**Assignment:** Once the pictures are set aside, print the records that follow exactly as written.

Saved data entries:
—————
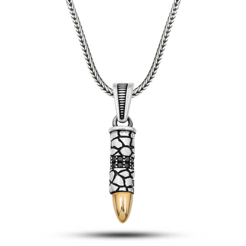 Gümüş Siyah Zirkon Taşlı Mermi Erkek Kolye
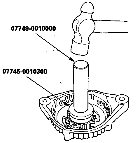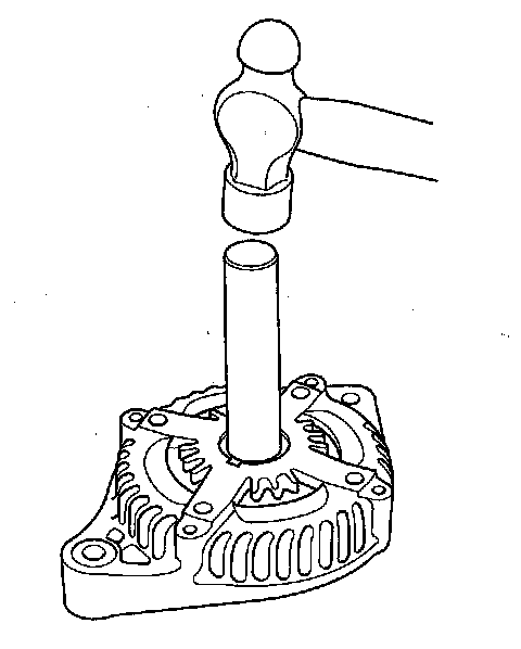 12. Install a new front bearing in the drive-end housing with a hammer, the handle driver, and attachment.
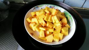 把南瓜去皮,切块,放锅里,隔水蒸,约20分钟,蒸熟透。
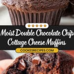 Deliciously moist and chocolatey Double Chocolate Chip Cottage Cheese Muffins made with protein powder, coconut sugar, and cottage cheese for a soft, tender crumb. These muffins are perfect as a healthy breakfast or snack with a rich chocolate flavor and gooey chocolate chips in every bite.
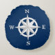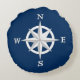 8-Point Compass Rose, White and Navy Blue Round Cushion
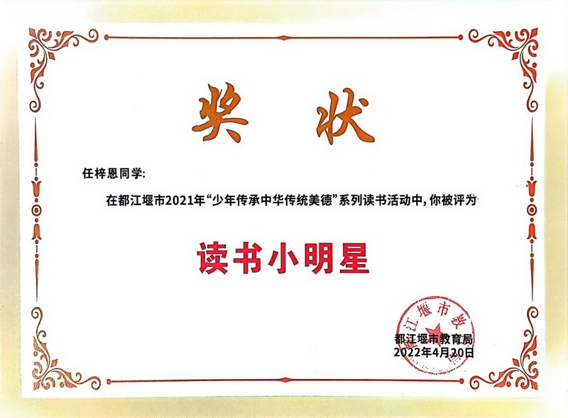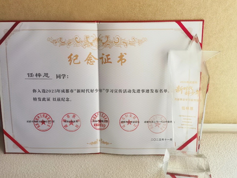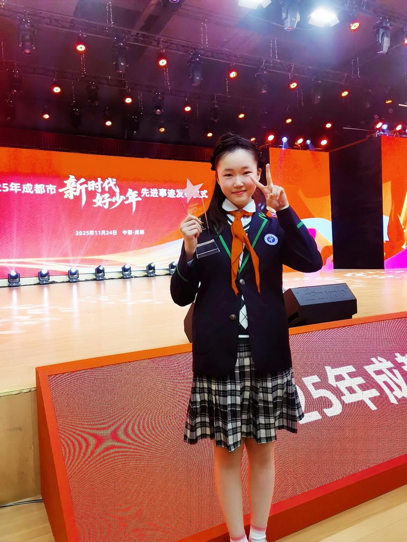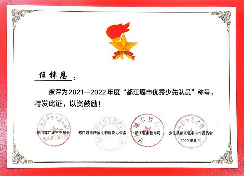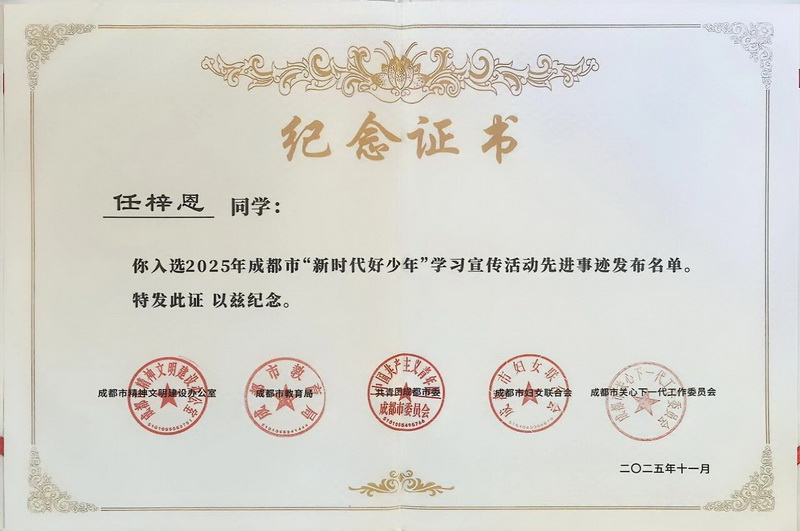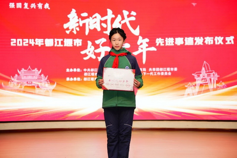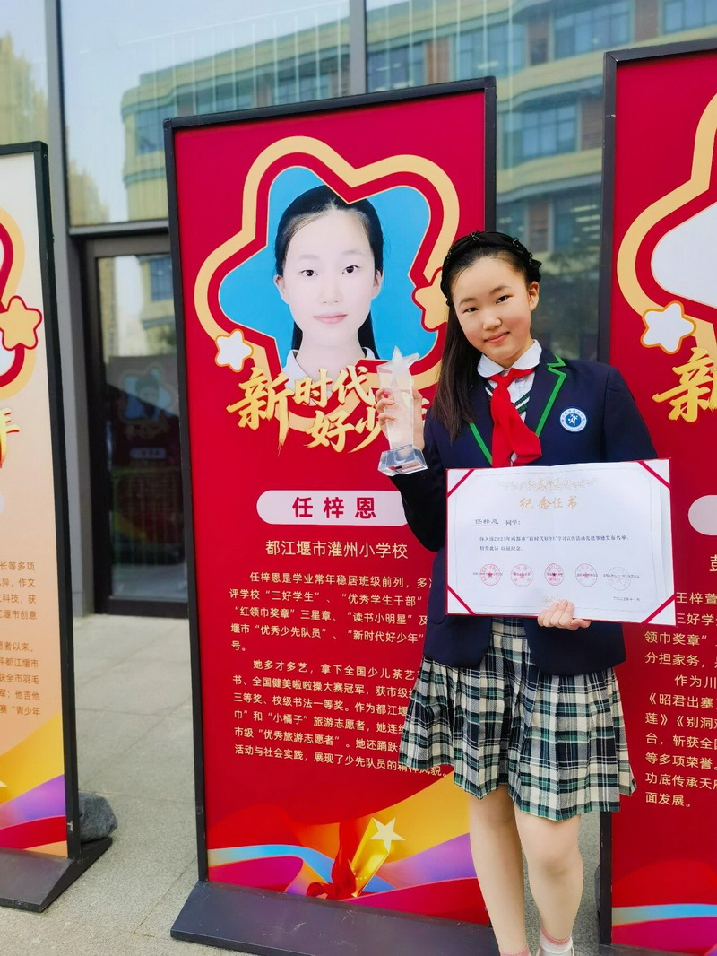 在润泽千载的都江堰旁,任梓恩正如一股清亮活泼的泉水,既有静水深流的沉稳积淀,又有奔涌向前的蓬勃力量。她以志愿服务践行奉献,以广泛才艺丰盈生命,以模范行动担当责任。她的成长轨迹告诉我们,新时代的好少年,是家园情怀的自觉守护者,是全面发展的积极追求者,更是向光而行、并能照亮他人的温暖光源。
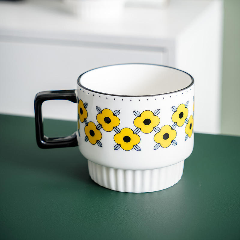 Wholesale Modern Ceramic 350ml Stack Cup Breakfast Creative Dishwasher & Microwave Safe Coffee Mug
—————
**Response to the exercise:**
 Gümüş Siyah Zirkon Taşlı Mermi Erkek Kolye
 12. Install a new front bearing in the drive-end housing with a hammer, the handle driver, and attachment.
 把南瓜去皮,切块,放锅里,隔水蒸,约20分钟,蒸熟透。
 Deliciously moist and chocolatey Double Chocolate Chip Cottage Cheese Muffins made with protein powder, coconut sugar, and cottage cheese for a soft, tender crumb. These muffins are perfect as a healthy breakfast or snack with a rich chocolate flavor and gooey chocolate chips in every bite.
 8-Point Compass Rose, White and Navy Blue Round Cushion
 在润泽千载的都江堰旁,任梓恩正如一股清亮活泼的泉水,既有静水深流的沉稳积淀,又有奔涌向前的蓬勃力量。她以志愿服务践行奉献,以广泛才艺丰盈生命,以模范行动担当责任。她的成长轨迹告诉我们,新时代的好少年,是家园情怀的自觉守护者,是全面发展的积极追求者,更是向光而行、并能照亮他人的温暖光源。
 Wholesale Modern Ceramic 350ml Stack Cup Breakfast Creative Dishwasher & Microwave Safe Coffee Mug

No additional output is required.